Los avances científicos y tecnológicos nos han llevado a pensar que la calidad de vida mejora a medida que incluimos en nuestra cotidianidad todo este “progreso” y lo que ocurre es que nos estamos agotando. Vivimos preocupados por estar a la moda, por visitar todos los lugares, por aprender, por estudiar, ver, leer, crecer, probar. ¿Por qué? Porque de lo contrario nos estamos quedando y ¿qué va a pensar la gente? y ¿qué oportunidades vamos a tener?

Nos preocupamos demasiado por el qué dirán, vivimos creyendo que si no aprovechamos hasta el último segundo de nuestras vidas, la oportunidad estará perdida para siempre.

La psicóloga clínica Diana Hernández así lo confirma: “El trabajo está sobrevalorado. Se ve con muy buenos ojos que durante las vacaciones una persona se comunique con su trabajo para saber cómo van las cosas, que lleve labores para su casa y permanezca siempre alerta y conectado y eso acaba con los nervios y la salud de cualquiera”.

Además, va en contravía del mandato divino del descanso. Si Dios se tomó el séptimo día para descansar, ¿por qué nosotros no?

Entonces, ¿cómo combatir el agotamiento?

Para la doctora Hernández, la solución está en disfrutar lo que tenemos sin afanes. “Desconectarse de la tecnología y del mundo de vez en cuando es bastante saludable. De esta forma la vida es más llevadera y habrá tiempo suficiente para compartir con los seres amados. Esto elimina el estado de alerta en el que permanecemos cuando nuestras actividades no paran”, afirma.

Tenemos que aprender a vivir cada momento, a desconectarnos, a comprender que no pasa nada si perdemos una llamada o no respondemos el mensaje inmediatamente. Si en unas vacaciones en vez de ir a Europa nos vamos al río o si nos perdemos la fiesta, la película o incluso no tenemos el celular de moda. Nada pasa, la vida sigue e incluso puede ser más tranquila.

Tampoco se trata de no esforzarse, de no ser responsables o no querer vivir ciertas experiencias sino de comprender que, como dice la Biblia, hay un tiempo para todo. Todo tiene su momento oportuno; hay un tiempo para todo lo que se hace bajo el cielo. (…)¿Qué provecho saca quien trabaja, de tanto afanarse? He visto la tarea que Dios ha impuesto al género humano para abrumarlo con ella. Dios hizo todo hermoso en su momento, y puso en la mente humana el sentido del tiempo, aun cuando el hombre no alcanza a comprender la obra que Dios realiza de principio a fin. Eclesiastés 3:2, 9-11.

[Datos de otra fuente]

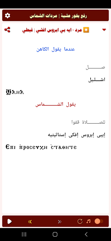- 前夜に最初に香をあげてからミサが終わるまで、執事の聖歌はすべてコプト語とアラビア語で教師ガド・ルイスの声で聞こえます。
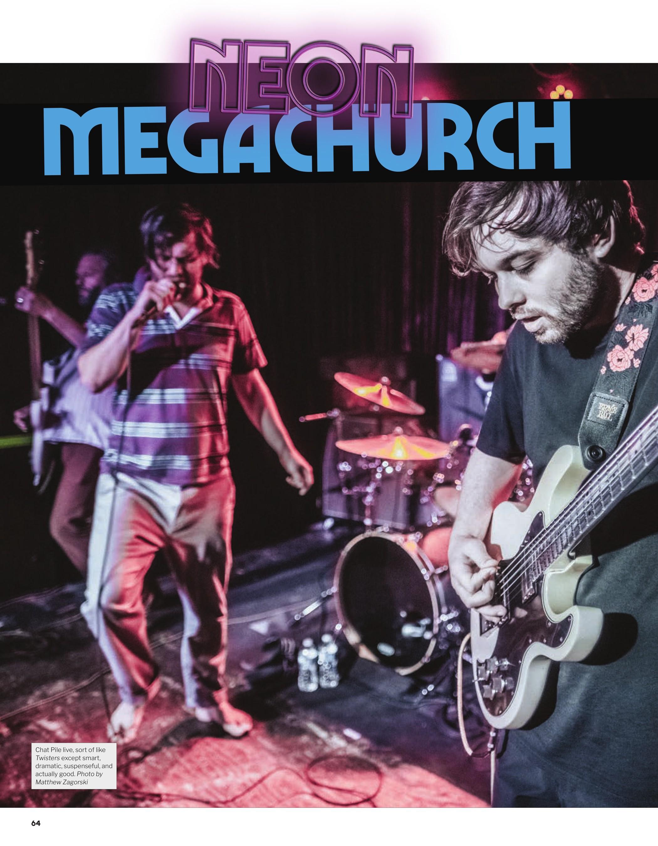 The four members of Oklahoma City’s Chat Pile truly love movies. They’re encyclopedic when it comes to silver-screen fandom, and mentioned no fewer than a dozen films during the sweltering ly hot Saturday in June we spent together in Brooklyn. They had already visited two separate art-house theaters during their brief tour stop in New York. But the group—composed of singer Raygun Busch, guitarist Luther Manhole, bassist Stin, and drummer Captain Ron—decidedly does not like Ralph Bakshi’s infamous 1992 flop Cool World.

Además, aprender que todo esto no es más que una vanalidad, nos enseña a depender de Dios. A entregarle cada cosa y a entender que lo más preciado que tenemos es la vida y es para disfrutarla, no para verla pasar escondidos tras una falsa felicidad. Nuestra esperanza está en la eternidad, no en aquello que logremos hoy.